Dataset entries:
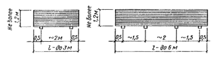 Каждая стопа укладывается на подкладки, устанавливаемые параллельно торцам и обеспечивающие устойчивое положение панелей, в соответствии с нижеприведенной схемой (рис. 8); при хранении панелей высота стопы не должна быть более двойной ширины панелей (1,2 м).
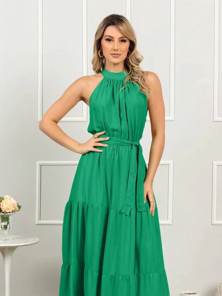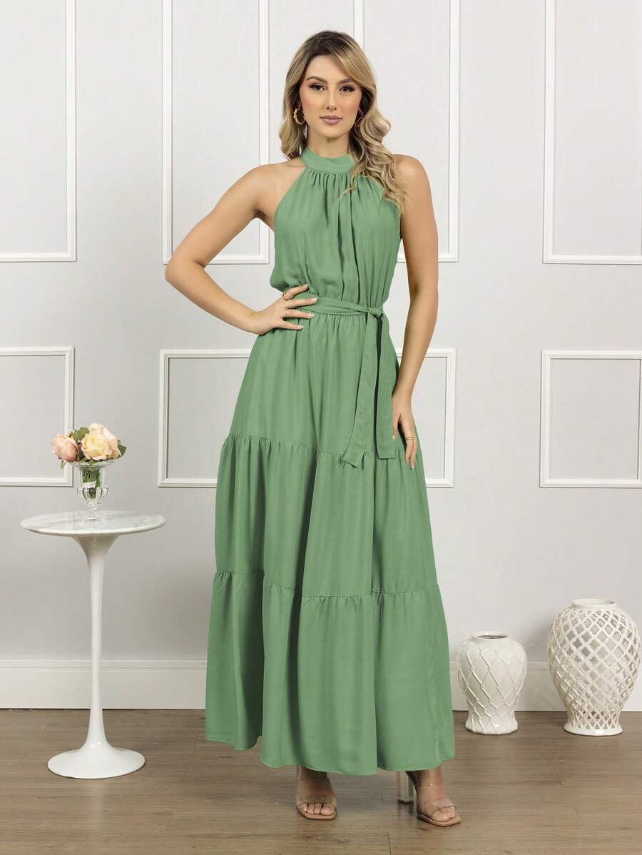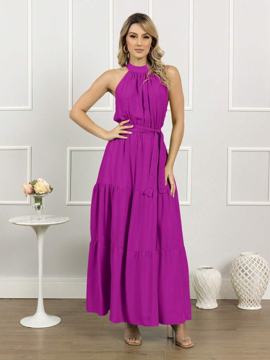 Vestido Feminino Longo Liso Gola Alta Três Maria Com Cinto
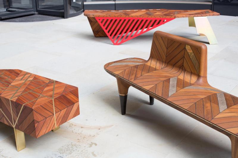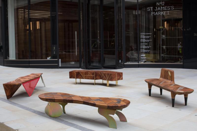 Studio Swine practice research-led design, creating work that is a product of its location, culture and resources, regarding design as a tool for placemaking. The team has designed four benches – Shirt, Tie, Pipe and Shoe – which all reference traditional trades found to this day in St James’s.
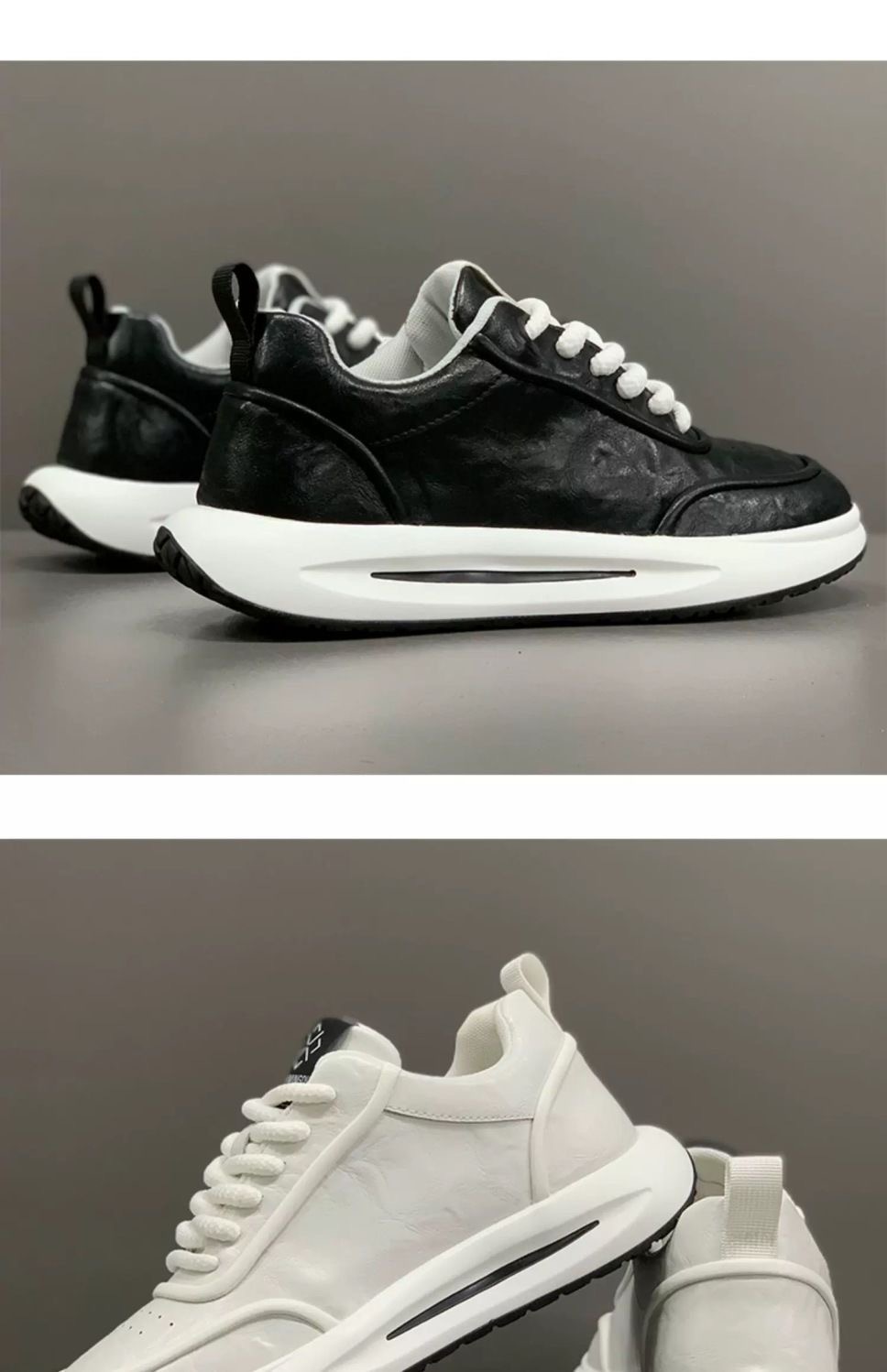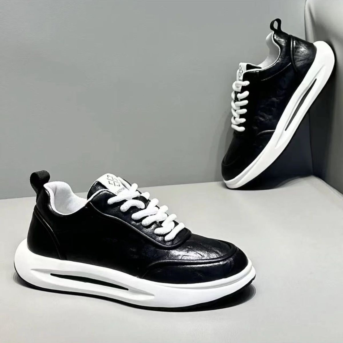 남성 캐주얼 신발 새로운 간단한 pu 두꺼운 밑창 레이스 업 한국식 스케이트 신발 크로스 보더 공급 편안한 통기성 남성 신발스토어 가기
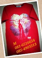 (2.6)Shoot เสื้อยืด ชาย-หญิง สีแดงเข้ม ลายหัวใจเงา Size M เนื้อผ้าเบาสบาย ถูกกว่าที่หน้าร้าน
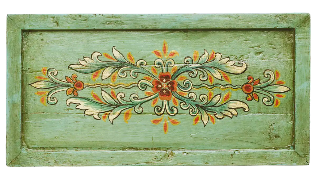 This tray, crafted in Jodhpur, India, exemplifies the area's skilled craftsmanship using recycled wood. Featuring an aqua, off-white, orange, and black palette, it highlights sustainable artistry. Originally part of a building, its cracks and irregularities add unique charm. Suitable for serving, wall decoration, or as a display for small plants and candles, this folklore-inspired design enhances any environment. Variations occur due to its handmade and recycled nature.
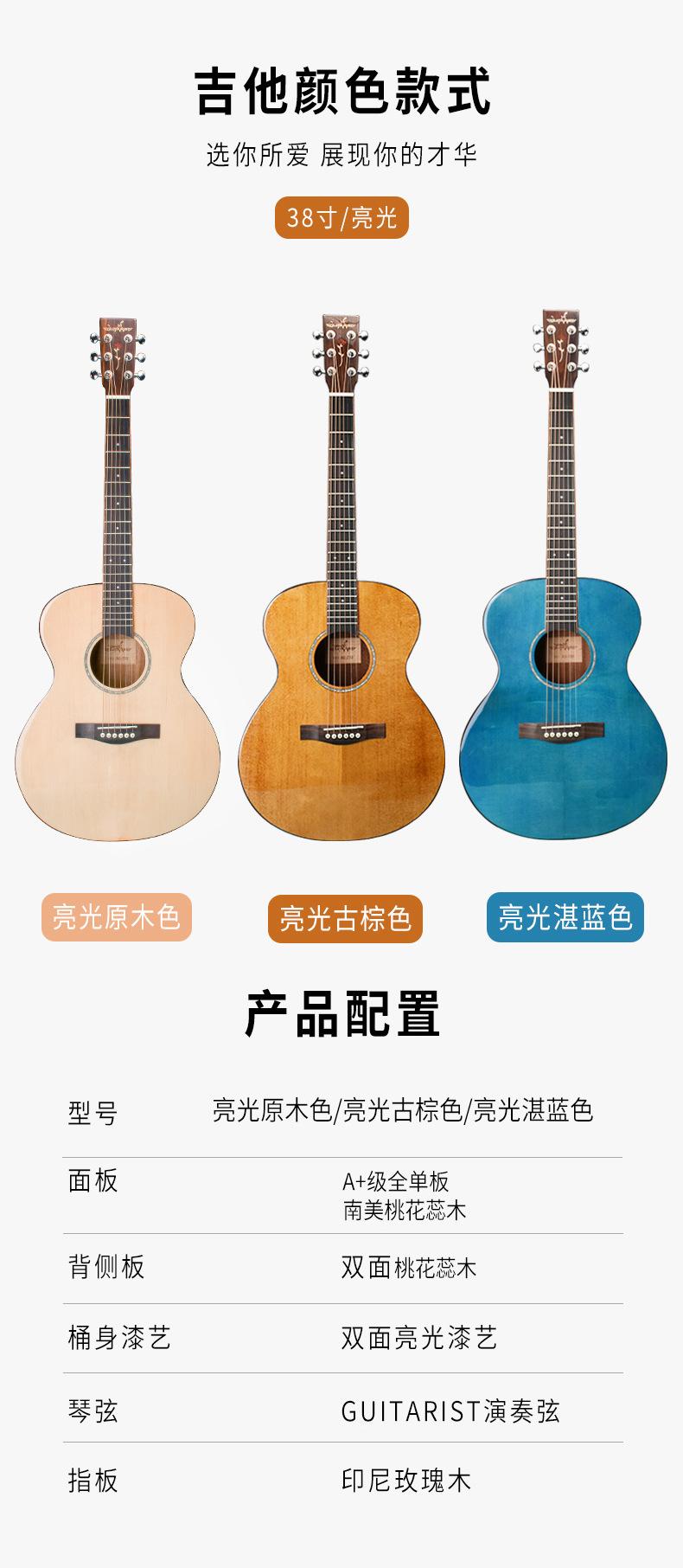 Guitarra Folk de un solo tablero de 38 pulgadas para principiantes, estudiantes masculinos y femeninos, nivel de interpretación de 38 pulgadas, principiante, autodidacta, para tocar y cantar, guitarra acústica de dedo.
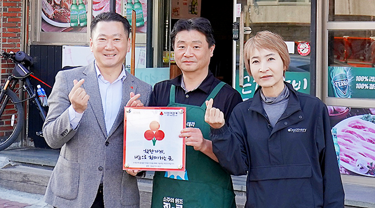 제주시 노형동 소재 식당 근경갈비(대표 김태완)는 지난 18일 매장 앞에서 노형동, 노형동지역사회보장협의체, 제주사회복지공동회가 함께하는 착한가게 캠페인에 동참하고 현판 전달식을 가졌다.
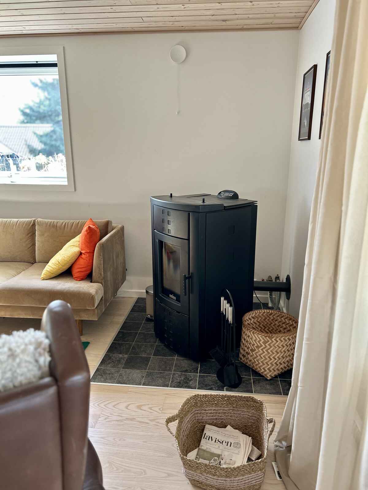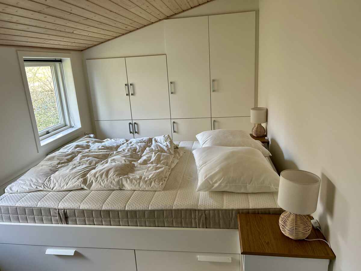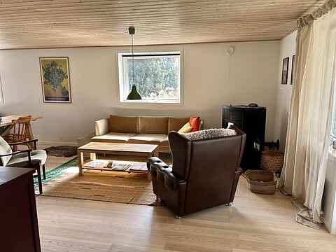Her får I et indbydende sommerhus på 120 m², der danner en behagelig ramme om ferien. Huset rummer 3 soveværelser med i alt 6 sovepladser, et stort badeværelse og et lyst opholdsrum med elektrisk brændeovn, hvor I kan samles efter dagens oplevelser.
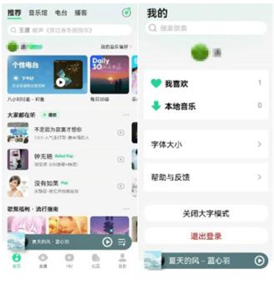 6. QQ音乐降低使用门槛 QQ音乐增加“大字模式”,帮助老年人以及其他障碍人士在便捷使用QQ音乐产品,同时最大限度保留与广大普通用户一同互动交流,共同欣赏音乐的可能性。QQ音乐大字模式的基本设计理念是优选出最核心的模块功能,通过对产品中常用模块进行字体放大、显示优化、扩大触控区域、进行手势操作功能适配等,方便老年人、低视力或其他视力障碍用户顺畅使用产品功能,降低使用门槛。
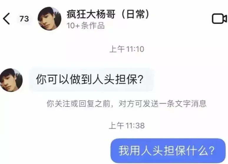 有网友晒出最新与大杨哥的聊天记录,大杨哥问网友“能不能用人头担保”,网友一头雾水。三只羊还有其他的瓜是肯定的,只是现在谁也不知道下一个瓜会砸在谁的头上。
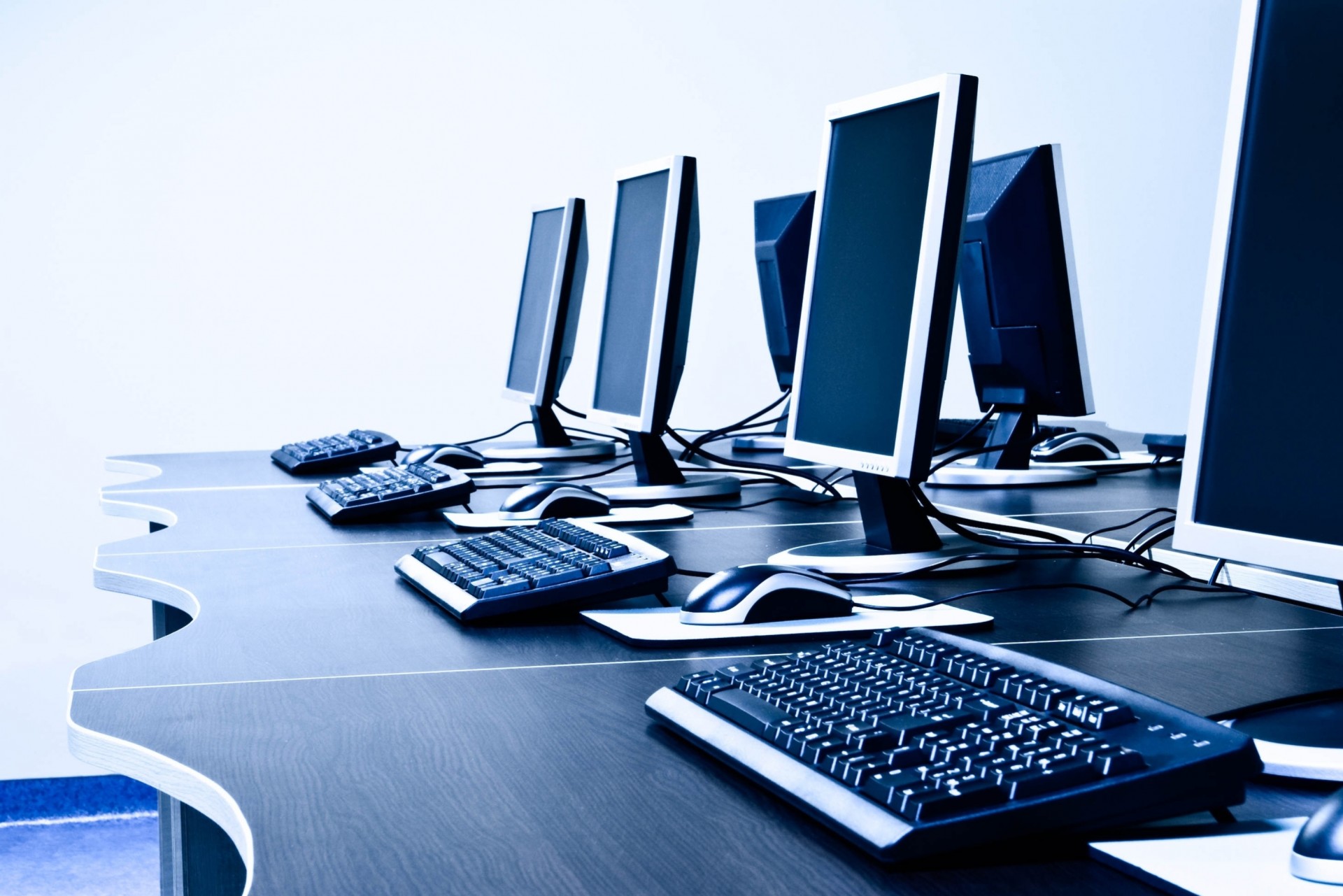 A row of computers on a table in the club
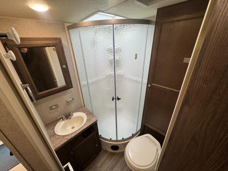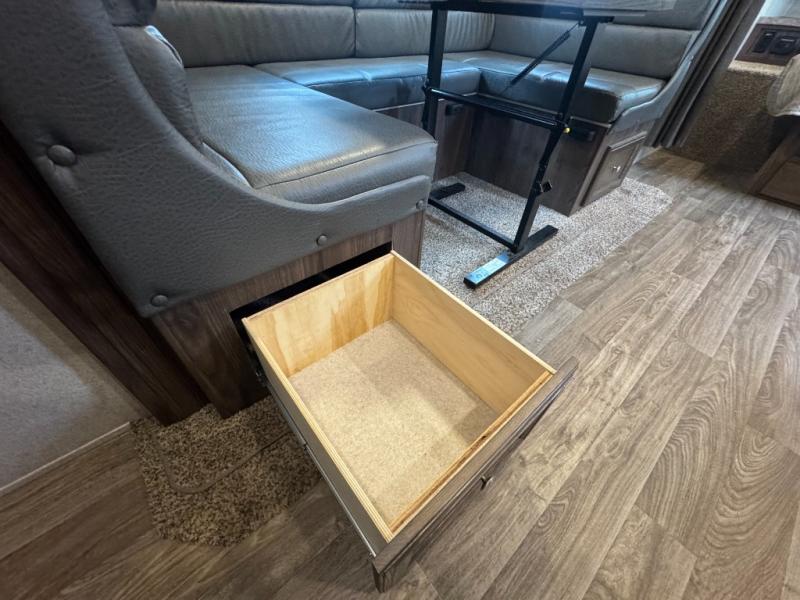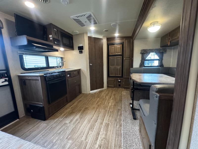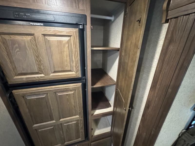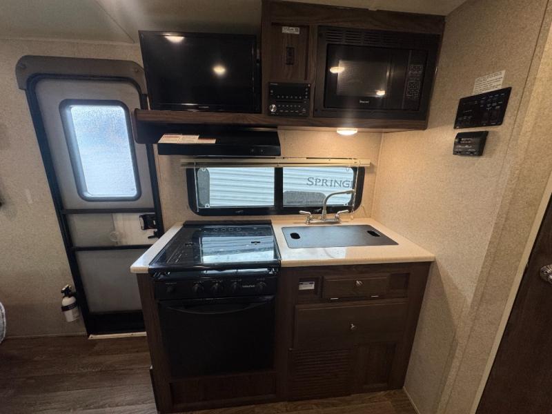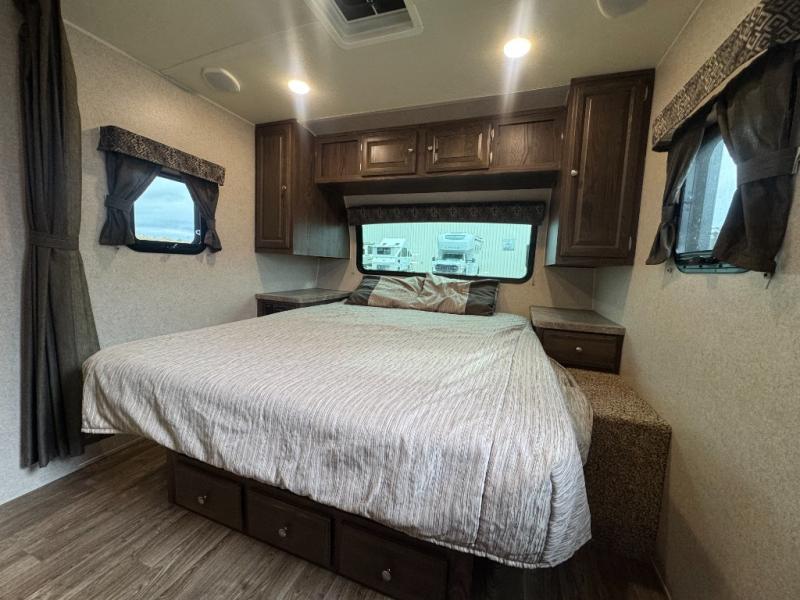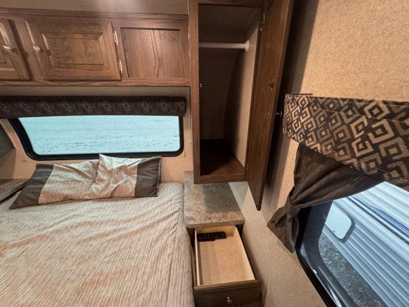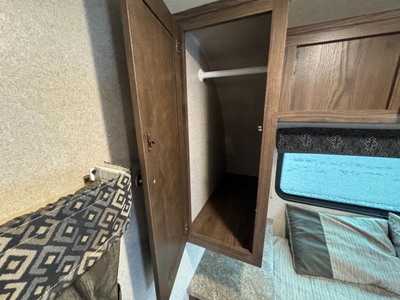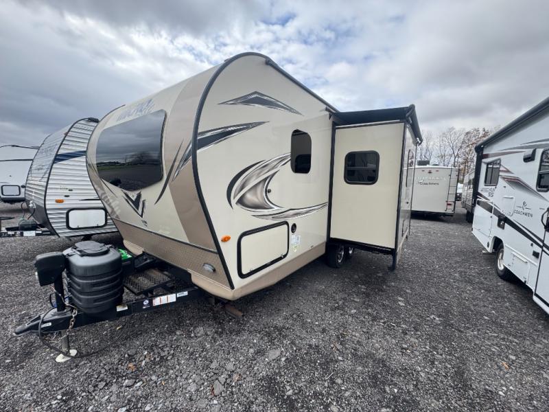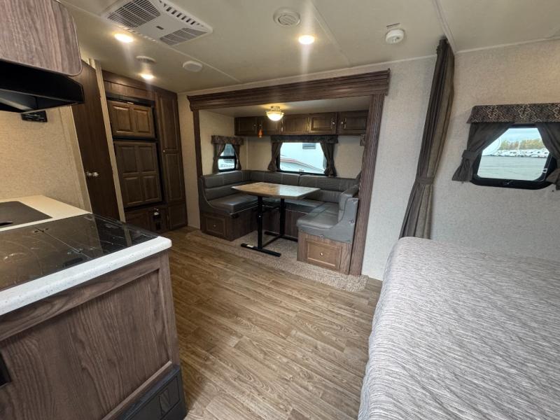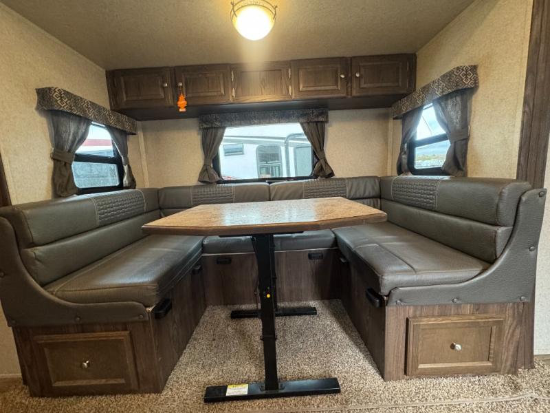 Pack your bags and get ready for your next camping trip with this travel trailer. You will enjoy the space the slide out provides, and within the slide, there is a U-shaped dinette where you can enjoy your meals or this area can double as additional sleeping space. Fold out the Murphy bed each night for a good night's rest and in the morning, you can fold it away and enjoy a cup of coffee on the sofa. This unit features a kitchen with a three burner cooktop, a microwave, and you'll appreciate a pantry for snacks. Bring along the extra lawn chairs with a pass through storage included in this travel trailer, plus there is an exterior storage for your luggage or tackle boxes. After a day hiking, clean up in the convenient rear corner bath. Make this travel trailer yours today!
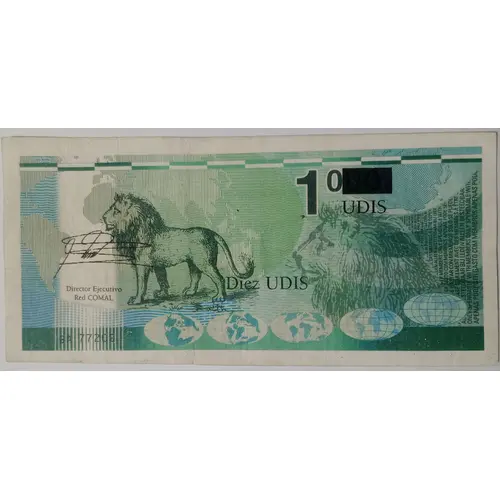 | Obverse lettering | 10 UDIS DIEZ UDIS Director Ejecutivo Red COMAL SOLO SE PUEDE GASTAR CON MIEMBROS SPENDABLE WITH MEMBERS ONLY NUR BEI MITGLIEDERN EINLÖSBAR À UTILISER UNIQUEMENT AVEC DES MEMBRES APENAS PODE SER GASTO COM MEMBROS (Translation: 10 UDIS (Solidarity Exchange Unit) UDIS = Unidad de Intercambio Solidario) |
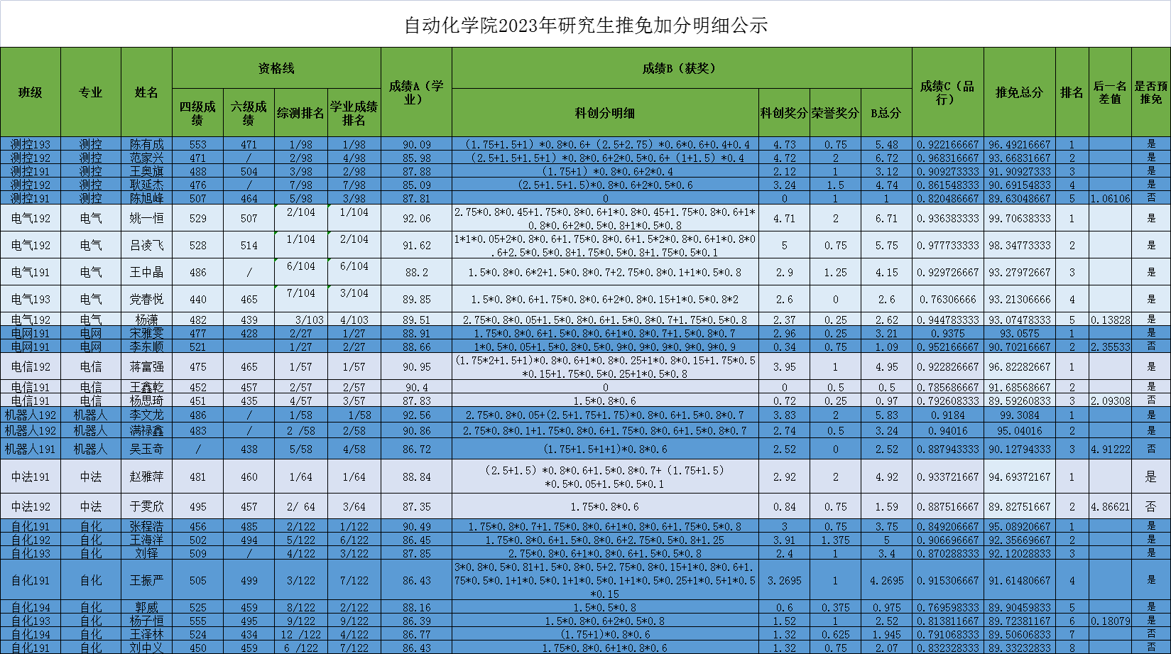 根据《关于开展2023年推荐优秀应届本科毕业生免试攻读硕士学位研究生工作的通知》和《全球最大顶级体育平台推免生遴选办法》文件规定,现将28名候选人材料明细公示如下(见表格及附件),如有异议,请在公示期内反映。公示期9月17日-9月19日。
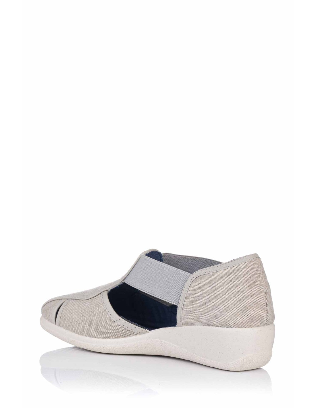 Sandalia plana en lona textil para mujer, con suela de goma flexible son ideales para pies delicados que buscan el máximo confort. De fácil y ágil calce gracias a los elásticos laterales. Fabricado en España.

## PROBLEM TO SOLVE
Keep the pictures out and repeat exactly the lines from the beginning of the data through the line that contains "제주시 노형동 소재 식당", both ends included.

## SOLUTION TO THIS EXERCISE
 Каждая стопа укладывается на подкладки, устанавливаемые параллельно торцам и обеспечивающие устойчивое положение панелей, в соответствии с нижеприведенной схемой (рис. 8); при хранении панелей высота стопы не должна быть более двойной ширины панелей (1,2 м).
 Vestido Feminino Longo Liso Gola Alta Três Maria Com Cinto
 Studio Swine practice research-led design, creating work that is a product of its location, culture and resources, regarding design as a tool for placemaking. The team has designed four benches – Shirt, Tie, Pipe and Shoe – which all reference traditional trades found to this day in St James’s.
 남성 캐주얼 신발 새로운 간단한 pu 두꺼운 밑창 레이스 업 한국식 스케이트 신발 크로스 보더 공급 편안한 통기성 남성 신발스토어 가기
 (2.6)Shoot เสื้อยืด ชาย-หญิง สีแดงเข้ม ลายหัวใจเงา Size M เนื้อผ้าเบาสบาย ถูกกว่าที่หน้าร้าน
 This tray, crafted in Jodhpur, India, exemplifies the area's skilled craftsmanship using recycled wood. Featuring an aqua, off-white, orange, and black palette, it highlights sustainable artistry. Originally part of a building, its cracks and irregularities add unique charm. Suitable for serving, wall decoration, or as a display for small plants and candles, this folklore-inspired design enhances any environment. Variations occur due to its handmade and recycled nature.
 Guitarra Folk de un solo tablero de 38 pulgadas para principiantes, estudiantes masculinos y femeninos, nivel de interpretación de 38 pulgadas, principiante, autodidacta, para tocar y cantar, guitarra acústica de dedo.
 제주시 노형동 소재 식당 근경갈비(대표 김태완)는 지난 18일 매장 앞에서 노형동, 노형동지역사회보장협의체, 제주사회복지공동회가 함께하는 착한가게 캠페인에 동참하고 현판 전달식을 가졌다.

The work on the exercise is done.